Aladdin ran up to the hall with twenty-four windows and summoned the jinni. “What this room lacks,” he said, “is a roc’s egg hanging from the dome. I ask you, in the name of the lamp, to make up for this deficiency at once.”
At that moment the jinni gave such a terrible shriek that the room shook and Aladdin faltered on his feet. “What’s that?” roared the jinni. “Is it not enough that I have done everything to serve you? Must I now bring you my master and hang him from the dome of your dining hall? For that outrage, you deserve to be burnt to ashes, along with your wife and the rest of your palace. But you are lucky that this order does not come from you. Its real author is the brother of the Maghrebi magician, who is now in your palace, disguised as Fatima the holy woman, whom he assassinated to take her place! It was he who put that idea into your wife’s head. He wants to kill you; it is up to you to save yourself.”
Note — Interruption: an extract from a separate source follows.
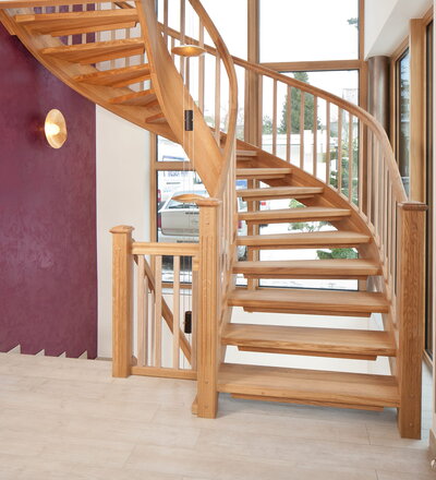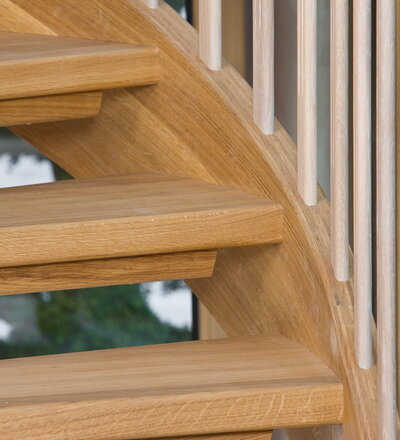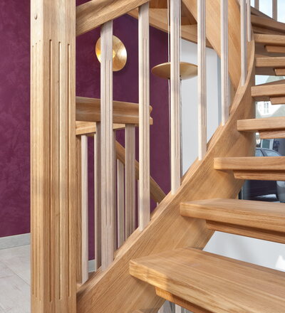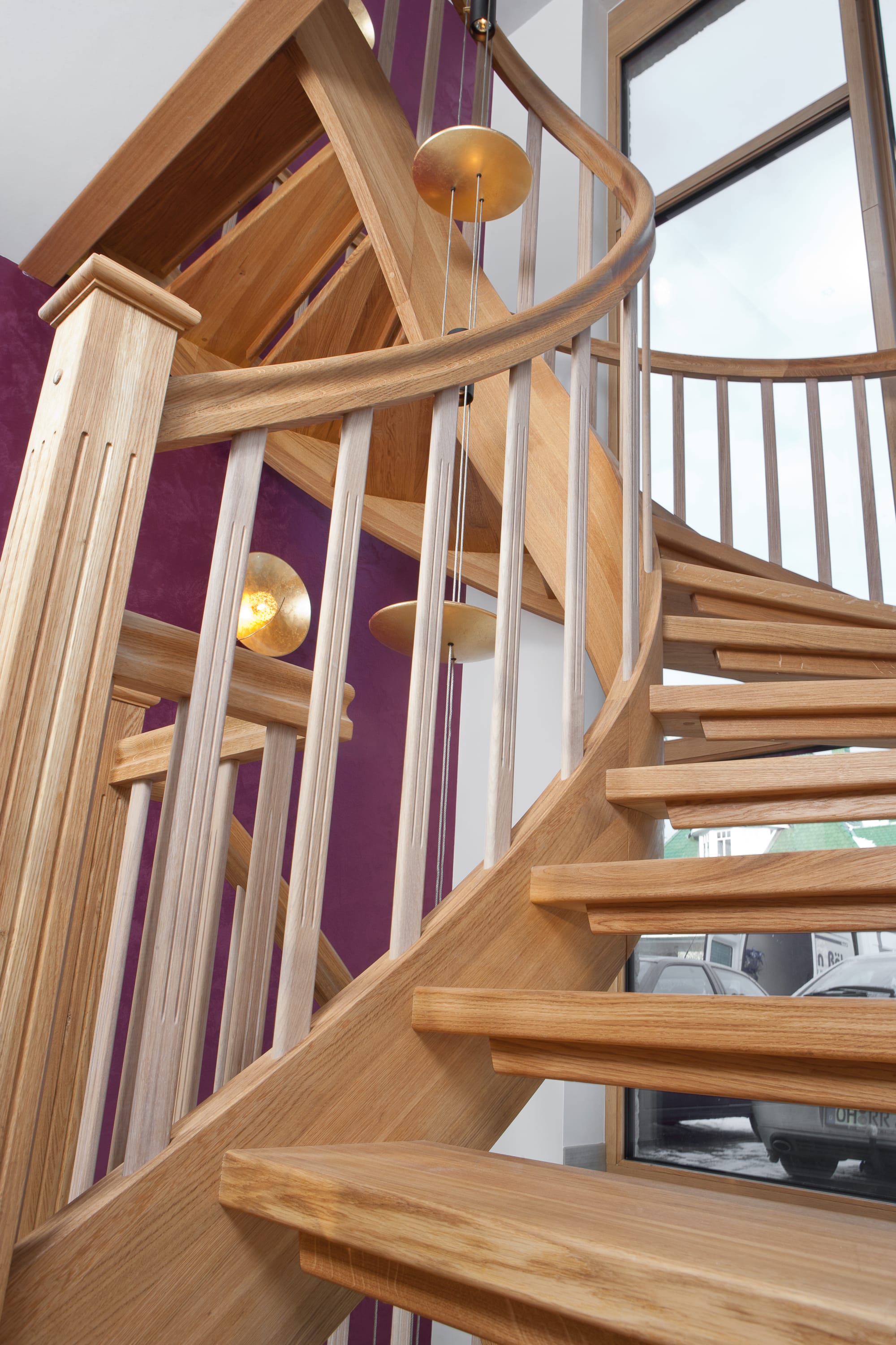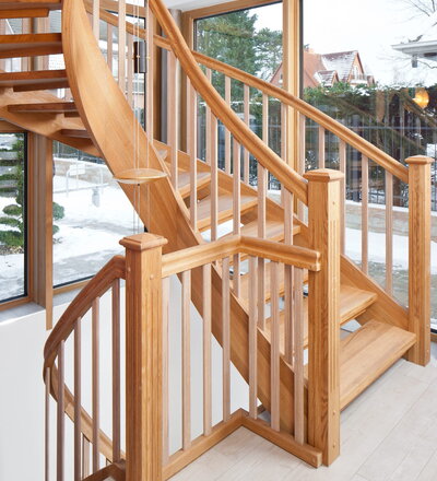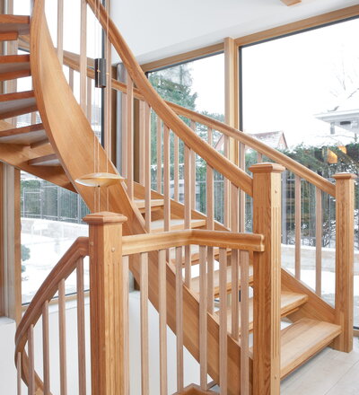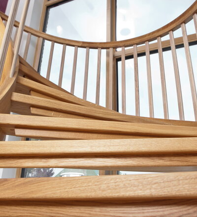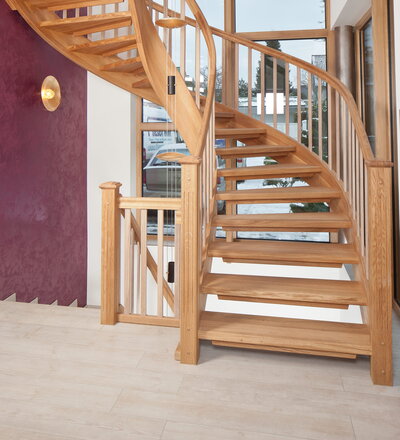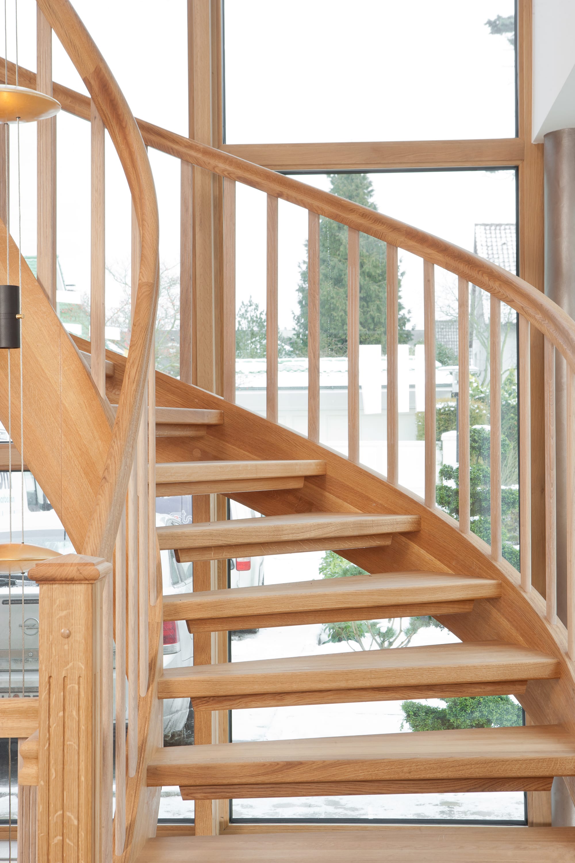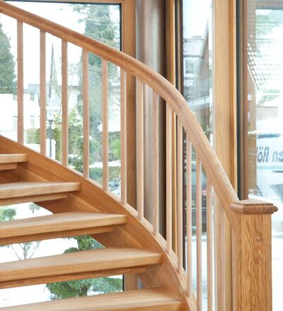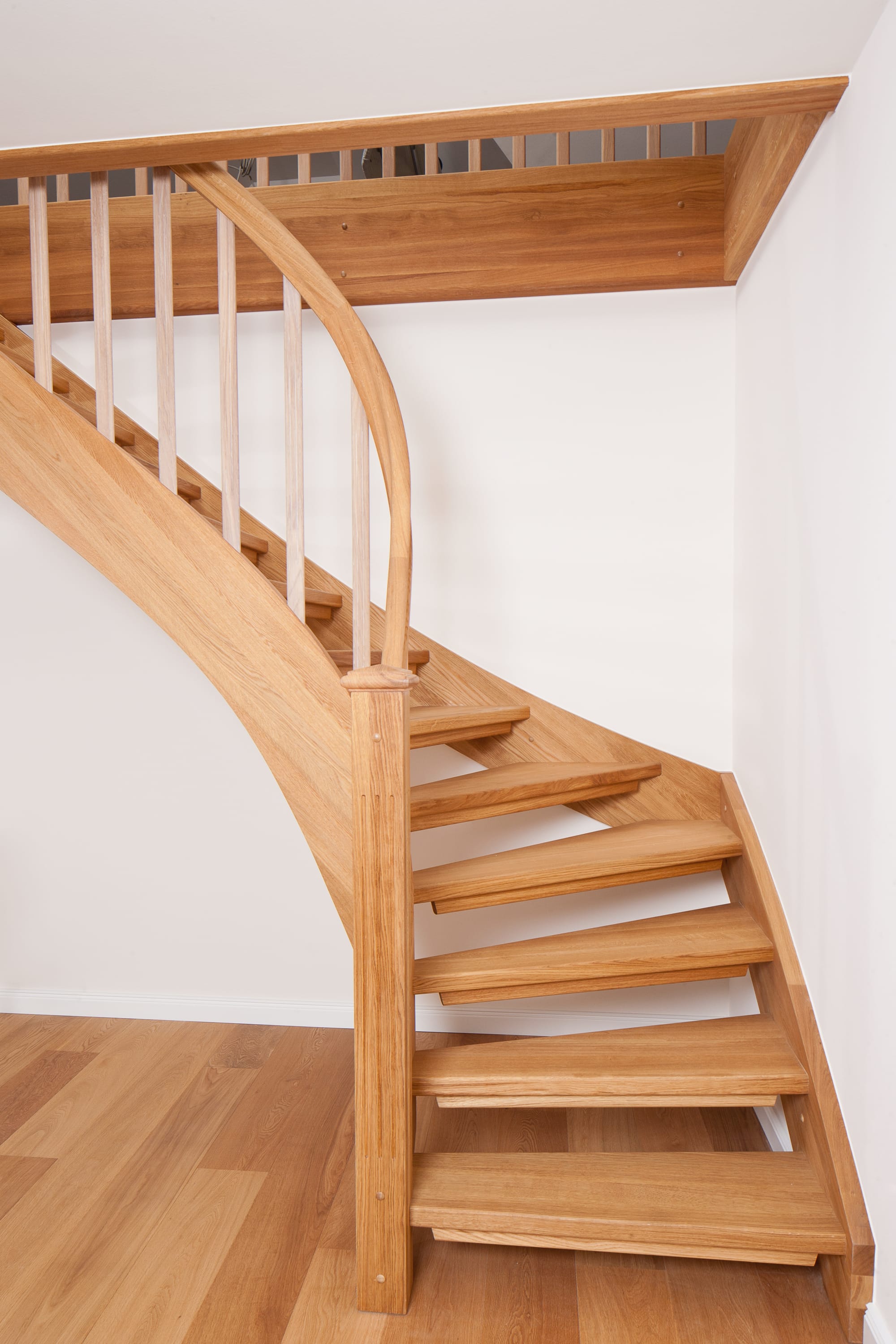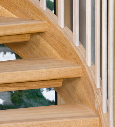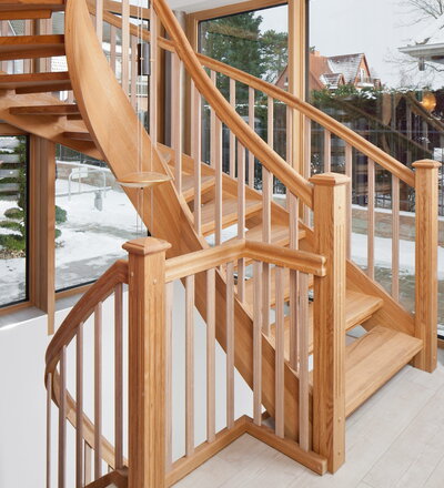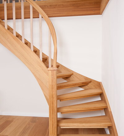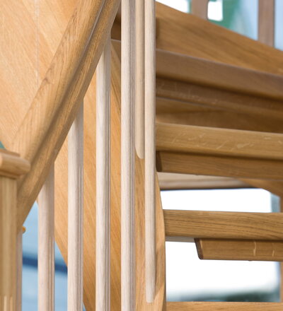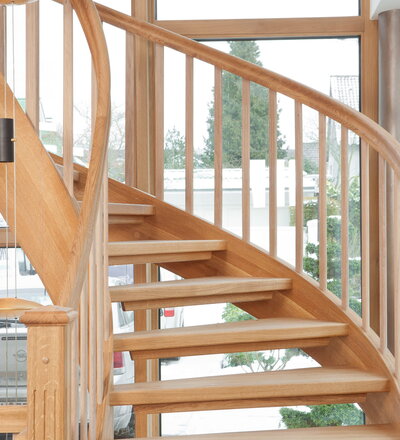 1/2 gewendelte offene Bogen-Wangentreppe Holzart Eiche geölt, Stäbe weiß transparent gewachst
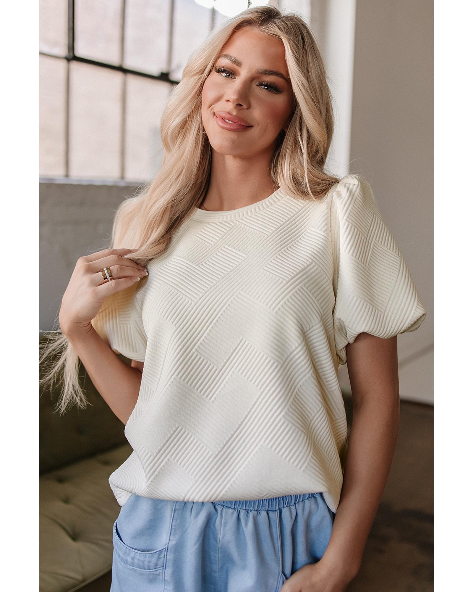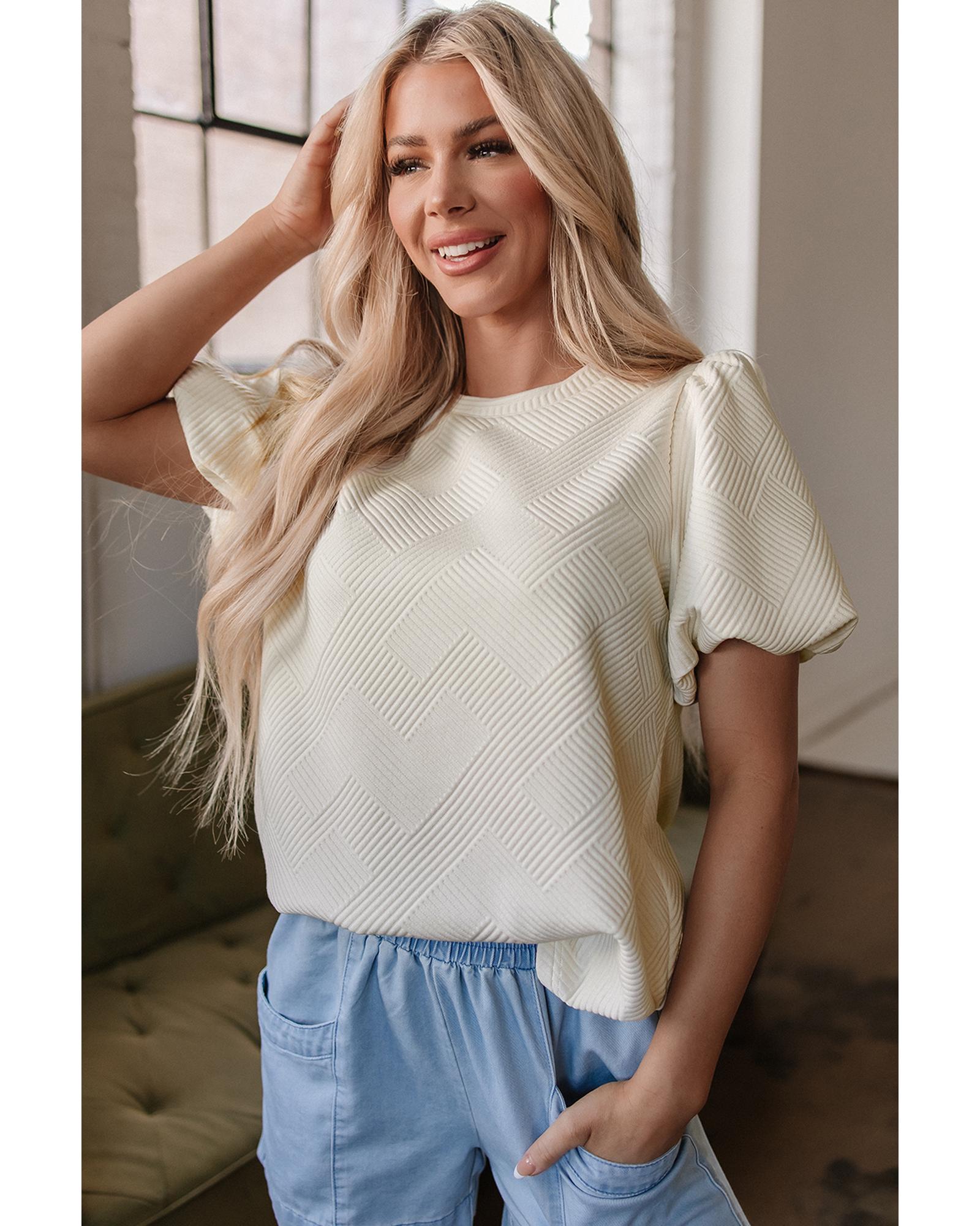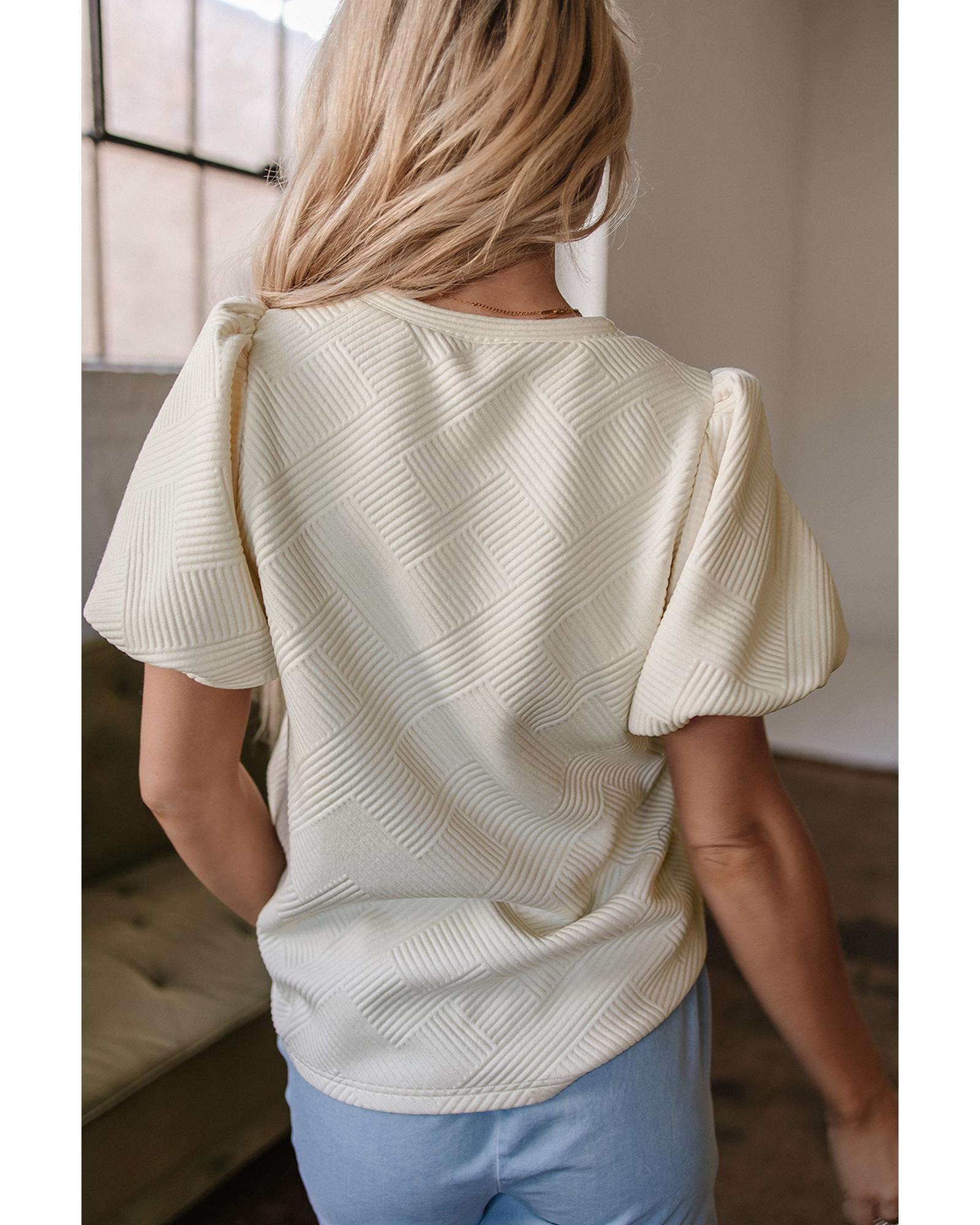 Oatmeal Textured Puff Sleeve T-shirt – L

With these words, he disappeared.
Aladdin had heard about Fatima the holy woman and her reputation for curing sore heads. He returned to the princess’s apartments and said a violent headache had come over him. The princess sent for Fatima. “Come here, good woman,” said Aladdin to the fraud. “My head aches. I implore your help and entrust myself to your prayers, and hope that you will not refuse me the blessings you have granted to so many other unfortunates.” He rose with his head lowered, and the trickster moved toward him holding a dagger beneath his habit. Aladdin seized his hand before he could raise it, drove the dagger through his heart, and threw him lifeless to the ground.